Extracting MySQL statements from code into separate micro services to make the codebase more modular and flexible.

These micro services have clear requirements, inputs, outputs and well-defined test cases. They are also relatively independent and will not require a lot of domain expertise or extensive code reviews.
They are also relatively small in size and the designs are somewhat simple in nature. It is just that we have many such micro services that need to be
built but we currently don''t have the bandwidth to tackle them, especially since it is mostly plumbing work that doesn''t
directly help our stakeholders, but is critical for building the underlying platform for CaMPe (our suite of capacity management and performance evaluation solutions


CREATING TABLEAU DASHBOARDS
We essentially need a Tableau dashboard to serve as the landing page for every system we maintain as part of CaMPe.
A few, non-exhaustive, examples of such dashboards include:
CORD
o Breakdown of orders by service, major rack type and region.

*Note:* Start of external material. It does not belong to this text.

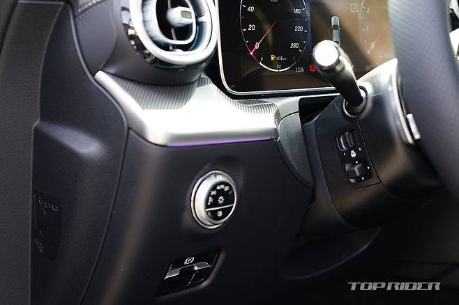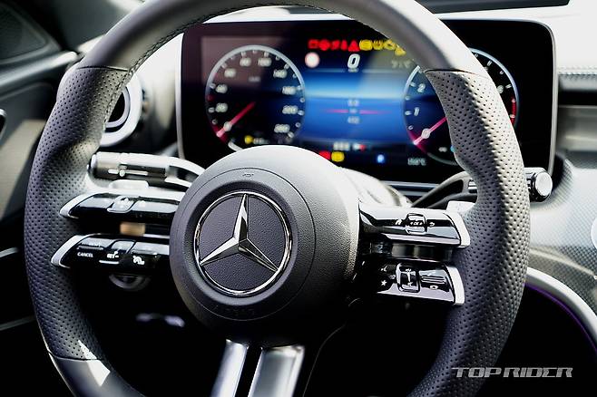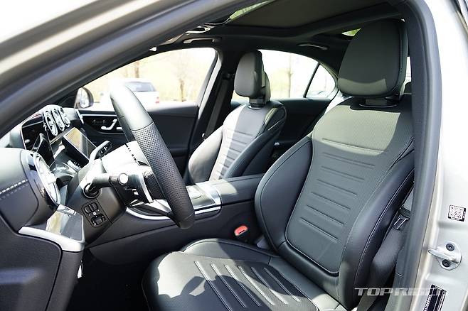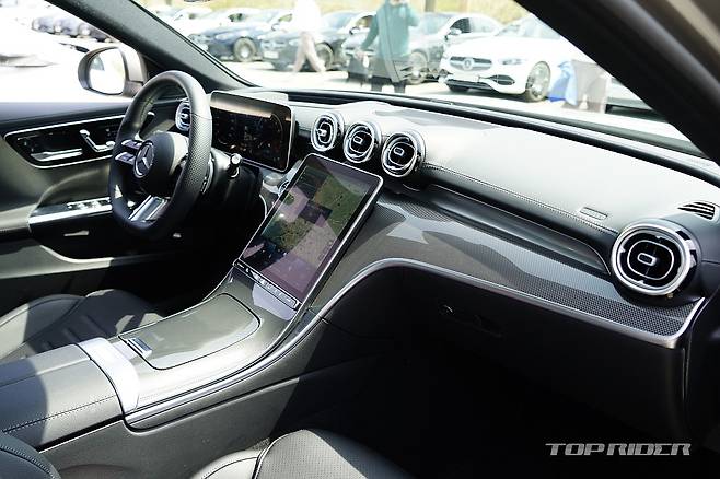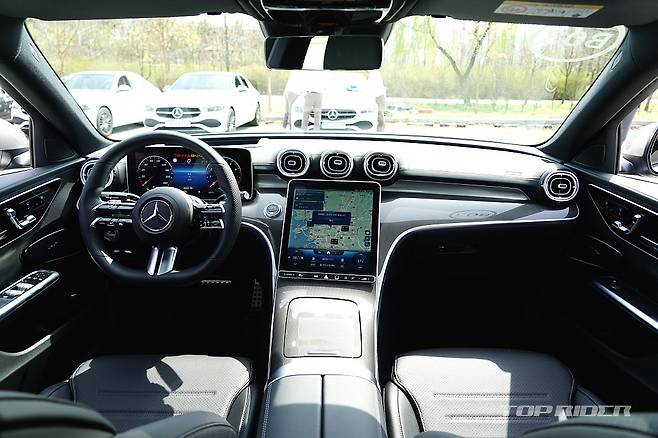 실내는 최신 모델임을 강조하는 대화면 디스플레이가 시선을 잡아끈다. C클래스의 오랜 전통인 전동식 텔레스코픽 스티어링 휠에, 시트 조절 스위치는 신형 S클래스와 같은 조작법의 고정식 버튼이다. 터치와 스와이프, 물리적 입력을 구분하는 스위치가 폭 넓게 적용됐다.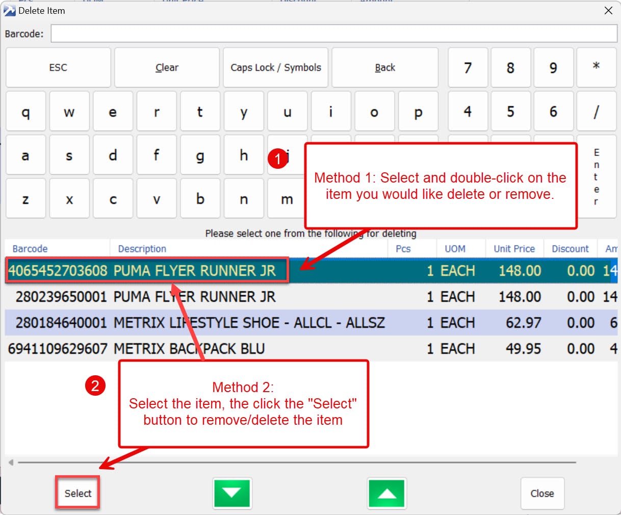 • Alternatively, select the item you wish to delete or remove, then click the “Select” button to proceed.

Based on pre-defined selectors.
o Further breakdowns by CEA rack type where appropriate.
o Overview of top services ordering a particular rack type, globally and per region.
o Overview of top services based on power used or Capex, globally and per region.
o Time-series view of orders across quarters over time.
o A map-based view of our orders across regions, data centers and clusters.
o A histogram of delivery weeks for all our orders. Broken down by rack type and region.
Expense Allocation Portal (EAP)
o Breakdowns and views that are essentially identical to CORD, but with some minor differences.
For demand as opposed to orders.
Using need-by weeks as opposed to delivery weeks.
Only looking at major rack types and limiting location info to regions.
o Overview of top services that got cut. Globally, per region and per rack type.
o Overview of top services that will pull from spares. Globally, per region and per rack type.
o Overview of data discrepancies when compared to CORD, to capture last-minute changes in CORD (due to urgent business needs) that were not reflected in EAP.

Capacity Requests Portal (CRP)
o End of quarter summary report for planned quotas, operational quotas and allocations.
o Broken out by Product Group (or Product or Service), major rack type and region.
o Status report for a Product Group (or Product or Service) in terms of allocations against operational quota and remaining headroom.
o Headroom broken down by major rack type and region.

HW Refresh Portal (HWR)
o Reconciliation report that ensures orders (in CORD) exceed agreed counts (in the HW Refresh Portal) to support all migrating clusters.
o An initial reconciliation view already exists in the HW Refresh Portal.

On Demand Planner (ODP)
o Output of regionalization module broken out by Product Group, rack type and region.
o Variety of views used to present the ODP data in leadership meetings that have already been compiled in a number of slide decks.

CODE AND DATA MANAGEMENT
There are a number of platform pieces related to code and data management, namely:
Moving and refactoring codebase around to be consistent across all systems in CaMPe.
Writing integration and unit tests where needed.
Writing performance benchmarks for our APIs and UIs.
Excel support for data pulled out of various systems to enable various types of analyses needed by our stakeholders.
Helping with oncall rotations, especially in terms of debugging legacy systems that often involve finding data integrity problems, as opposed to requiring any code changes.


REVAMPING W8 DASHBOARD
There is a need to revamp the W8 dashboard, based on guidance from CEA members, to make the data more actionable,
and more connected to utilization statistics (and other views) in Overwatch. Possibly cleaning up and generalizing the underlying data pipelines as well.